39. Combination Sum

Given a set of candidate numbers (C) and a target number (T), find all unique combinations in C where the candidate numbers sums to T.

The same repeated number may be chosen from C unlimited number of times.

Note:

• All numbers (including target) will be positive integers.
• The solution set must not contain duplicate combinations.

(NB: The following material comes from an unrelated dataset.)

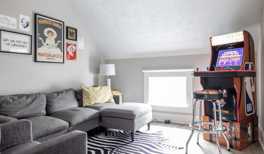 This spacious home features a modern kitchen, a dining room, a living room with a large HDTV, and four cozy bedrooms, including a first floor bedroom with a full bathroom. Entertainment options abound with a full-size NBA Jam arcade game and an “old school” Nintendo preloaded with 620 games for up to four players.
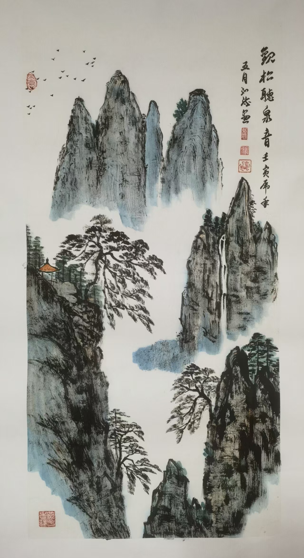 2018年,弘流走进荣宝斋画院习画,日夜埋首临摹古画,青灯下废稿堆成小丘。师从焦墨大师穆家善时,反复练习“千毫皴”焦墨技法,笔锋如刀,让青铜锈色、甲骨裂痕在焦墨层叠中复活。她还向书法家聂军生汲取欧楷与草书的书法筋骨,研习揣摩李远山题画诗的墨色精妙。待传统入骨时,她的画作逐渐形成了独特的灵魂。

For example, given candidate set [2, 3, 6, 7] and target 7, 
A solution set is: 

[
  [7],
  [2, 2, 3]
]
采用深度优先搜索的思想，对于输入candidates=[1,2] ，target=3，遍历的方向如图： 

#include "stdafx.h"

#include <iostream>
#include <vector>
#include <algorithm>

using namespace std;
void helper(int pos, int base, int target, vector<int>& candidates, vector<int>& path, vector<vector<int> >& result)
{
    if (base > target)
        return;
    if (base == target)
    {
        result.push_back(path);
        return;
    }
    for (int i = pos; i < candidates.size(); ++i)
    {
        path.push_back(candidates[i]);
        helper(i, base + candidates[i], target, candidates, path, result);
        path.pop_back();
    }

}
vector<vector<int> > combinationSum(vector<int>& candidates, int target)
{
    vector<vector<int> > result;
    vector<int> path;
    sort(candidates.begin(), candidates.end());
    vector<int>::iterator it = unique(candidates.begin(),candidates.end());
    candidates.erase(it, candidates.end());
    helper(0, 0, target, candidates, path, result);
    return result;
}
int main()
{
    vector<vector<int> > result;
    vector<int> candidates;
    candidates.push_back(2);
    candidates.push_back(2);
    candidates.push_back(3);
    candidates.push_back(7);
    int target = 7;
    result = combinationSum(candidates, target);

    return 0;
}